Guidance specifically for Gulf countries is lacking, however, and the treatment landscape has changed in recent years. For example, new treatments have become available, and access to these treatments has improved [Citation5–Citation8]. We know more about the potential safety profiles of disease-modifying drugs (DMDs), leading to a better understanding of the risks of highly active DMDs for MS, including mitigating the risk of progressive multifocal leukoencephalopathy (PML) with natalizumab and other MS treatments, and a reassessment of the role of alemtuzumab in MS therapy [Citation9,Citation10]. Also, we have increased knowledge of the efficacy of DMDs in MS patients with varying underlying disease activity, which will contribute to better personalized MS care [Citation11].
Periodic updating of guidance for the management of MS is helpful for regions where this disease presents a public heath priority. Accordingly, we, a group of physicians based in the Gulf with special expertise on MS management, present our consensus recommendations on the management of MS in the region, with a special focus on the use of DMDs according to patients’ MS treatment history and current MS disease activity. Our main focus is on relapsing-remitting MS (RRMS), as a number of effective treatments are now available for the management of this form of MS. We also address briefly current pharmacologic management options for clinically isolated syndrome (CIS), secondary progressive MS (SPMS) and primary progressive MS (PPMS).
Methods
The expert consensus described in this article arose from a closed meeting (in Muscat, Oman, April 2019) in which all authors participated; delegates from Kuwait, Oman, Bahrain, Qatar, and the United Arab Emirates participated. The consensus is supported here by a narrative review, based on presentations at this meeting, supplemented by additional literature searches and material provided by coauthors. The level of consensus on recommendations within the expert group was explored by open voting: ‘high’ level of consensus was defined arbitrarily as supported by at least 7 out of 10 experts, moderate consensus was defined as being supported by 4–6 out of 10 experts, and lower support was defined as a ‘low’ level of consensus, i.e. 3 or experts or fewer. The objective of this consensus is to establish recommendations that would support the treating physicians in the Gulf region in the management of MS patients according to the level of disease activity taking into account several other factors such as efficacy, safety, monitoring burden, lifestyle, and pregnancy.

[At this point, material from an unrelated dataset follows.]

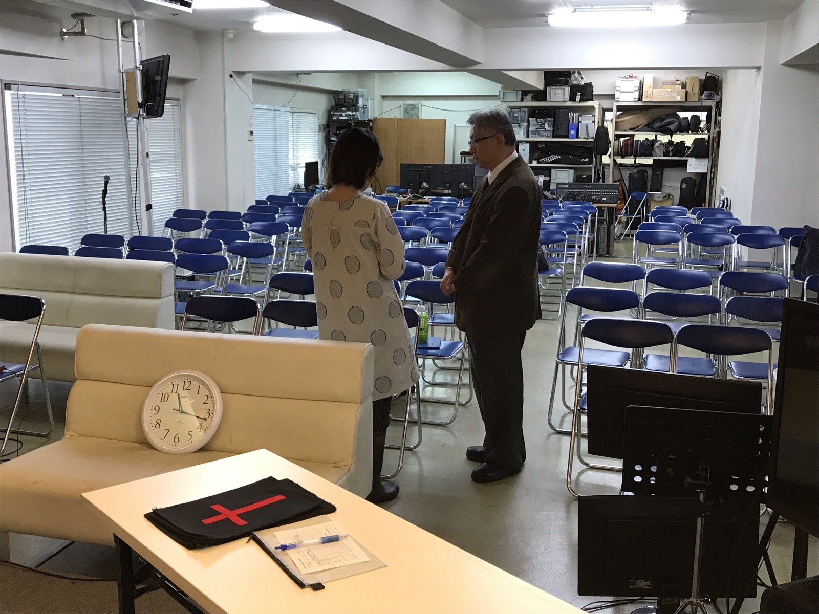 今日、礼拝に来られたクロちゃんと雑談しているチャチです。

Brief overview of currently available disease-modifying therapies for relapsing-remitting MS
Prescribing DMDs in the Gulf region
Guideline-driven prescribing practices differ somewhat in the Gulf region, compared with other regions. In practice, prescribing guidance in the Gulf follows that in the country where the pharmaceutical sponsor of the drug is located (e.g. for fingolimod, EMA is used as the template for guidance, as its sponsor is located in Basel, Switzerland). Guidelines proposed by expert societies in Europe or in the USA, for example, reflect the prescribing guidance relevant to those countries, e.g. with respect to which DMD can be prescribed for a patient new to therapy, and which should be reserved for patients already exposed to one or more DMDs. The situation is more fluid in the Gulf. In principle, any DMD could be prescribed for any patient, subject to certain restrictions, such as local formulary policies or budgetary restraints. This situation supports the generation of management recommendations local to the Gulf, such as those proposed in our article.
In addition, the current guideline for the wider region of the Middle East and North Africa (MENACTRIMS) supports the use of off-label therapies under some conditions, e.g. to use a DMD without a specific indication for MS in place of a licensed drug of a similar mechanism [Citation5], For clarity, we have restricted our discussions to DMDs with a specific indication for use in MS.
Overview of DMDS
The efficacy, tolerability, and safety of DMDs have been reviewed extensively elsewhere [Citation5,Citation12]. For the purposes of this article, discussion of the properties of individual DMDs will be brief, and provides a brief overview of their administration, efficacy, and safety [Citation13–Citation32]. DMDs approved for the management of relapsing-remitting MS (RRMS) are often classified into broad groups. ‘First-line’ or ‘platform’ agents usually refer to interferons, glatiramer acetate, and teriflunomide, while ‘high-efficacy’ agents usually include fingolimod, alemtuzumab, natalizumab, ocrelizumab, and cladribine tablets [Citation5,Citation12]. Dimethyl fumarate may be intermediate between these categories, as there is some evidence that the efficacy of this agent is similar to that of fingolimod [Citation33,Citation34].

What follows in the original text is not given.